The honest gotcha: it’s not private, and making it so hurts
My second discovery is less poetic. MiroFish, as it is, phones home: memory lives on Zep Cloud (SaaS), inference on Alibaba Bailian. For a confidential corpus — the “serious” use the project itself claims, testing policy and PR at zero risk — it’s a no. So I mapped what it would take to bring it entirely onto your own iron, and the sharp edges are instructive:
- Zep → Graphiti + FalkorDB. Zep is the SaaS built on top of Graphiti (OSS, Apache-2.0); FalkorDB is the graph with a Redis protocol. I counted 11 Zep SDK methods used across 9 files —
graph.search(),node.get_by_graph_id(),graph.add()… — to replicate behind an adapter with an identical interface, so the calling code doesn’t change. - The async/sync hell. Graphiti is entirely
async; Flask is synchronous and the memory updater already uses threads+queues. A naiveasyncio.run()per call destroys the persistent connections to FalkorDB. You need a single background event loop andrun_coroutine_threadsafe().nest_asynciojust masks the problem. - The silent killer. Graphiti extracts entities by calling an LLM that must return valid JSON. If vLLM starts without guided decoding (
--guided-decoding-backend), extraction “succeeds” without errors but the graph stays empty: zero nodes, garbage simulations, and you only notice at the end. Mandatory smoke test: after the ingest, count the nodes. - The VRAM math. Qwen2.5-72B in FP16 wants ~144 GB; an H100 has 80. It doesn’t fit. Either AWQ (~40 GB) or tensor-parallel across two cards.

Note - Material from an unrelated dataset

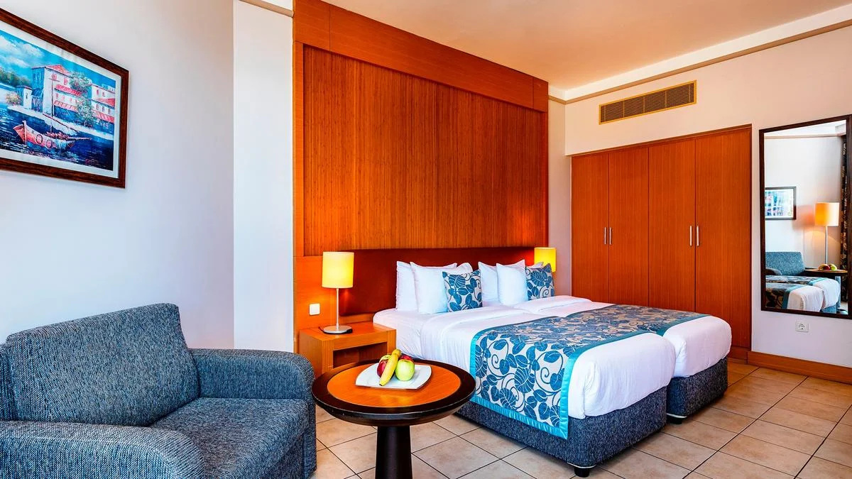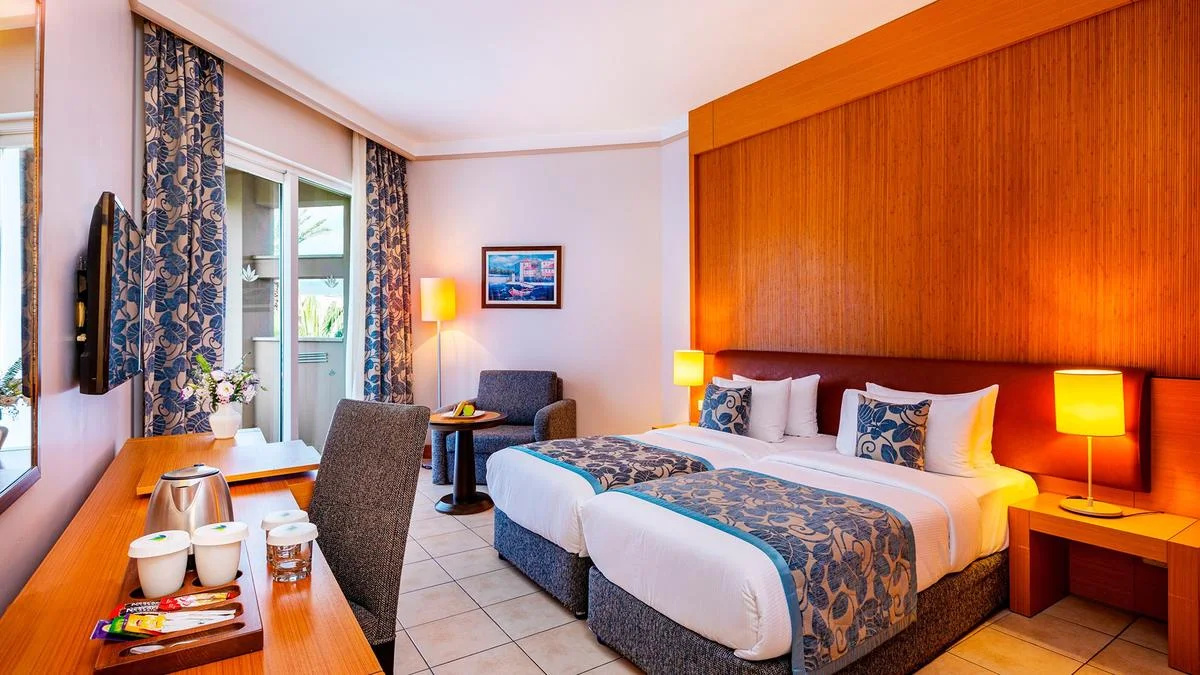 ötcsillagos szezonálisan felújított 350 szoba, 4 épület, 3 emelet, 3 lift tágas lobby 24 órás recepció 50 fő befogadására alkalmas konferencia-központ nagy kert tengerre és kertre néző terasz ingyenes vezeték nélküli internet a nyilvános helyiségekben 20 kg-ig háziállatok is szívesen látottak elfogadott hitelkártyák: Visa, MasterCard, American Express Kétágyas szoba 2 fő (1 pótágy felnőtt vagy 2 pótágy gyermek számára) kb. 28 m² légkondicionált fürdőszoba (zuhany, WC, hajszárító) vezeték nélküli internet TV széf kávé/tea készítési lehetőség minibár (ingyenes víz) ingyenes kiságy 2 éves kor alatti gyermekek számára (érkezés előtt kérésre) erkély (asztal és székek)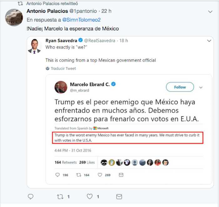 El tuit del 31 de octubre no fue el único que revivieron los opositores al actual Gobierno federal. Otro, publicado el 28 de octubre de 2016, también fue usado por mexicanos para exhibir al Canciller como un enemigo de Donald Trump.

How it’s going (real status)
I’ll be honest: I didn’t run the full 144 rounds. The README says so explicitly — “high consumption, try first with fewer than 40 rounds” — and without an LLM key and a Zep account the simulation doesn’t start. I read the code thoroughly, traced the loop, and designed the on-prem migration; the Graphiti+FalkorDB adapter is designed, not built. The upstream project is alive and real (it’s on Trendshift, it has a public demo); my exploration is at the level of architecture and “what would happen if”. The jump between “documented” and “run at home” stays right there, in those four sharp edges above.
What I learned
That the word “prediction” here is a Trojan horse. MiroFish doesn’t estimate a future: it cultivates one, and the quality of the result depends less on the model and more on the loop — on the fidelity with which every micro-action returns to being shared memory. The most important piece of code isn’t the LLM: it’s those five lines that turn a like into a sentence and put it back into the graph. And I learned, again, that “open-source” and “self-hosted” aren’t synonyms: a project can be entirely on GitHub and remain, in fact, a client of two clouds. The distance between the two is measured in adapters, event loops and VRAM — not in licenses.
Someone else’s project, public: github.com/666ghj/MiroFish · simulation engine: OASIS / CAMEL-AI. I just looked inside it.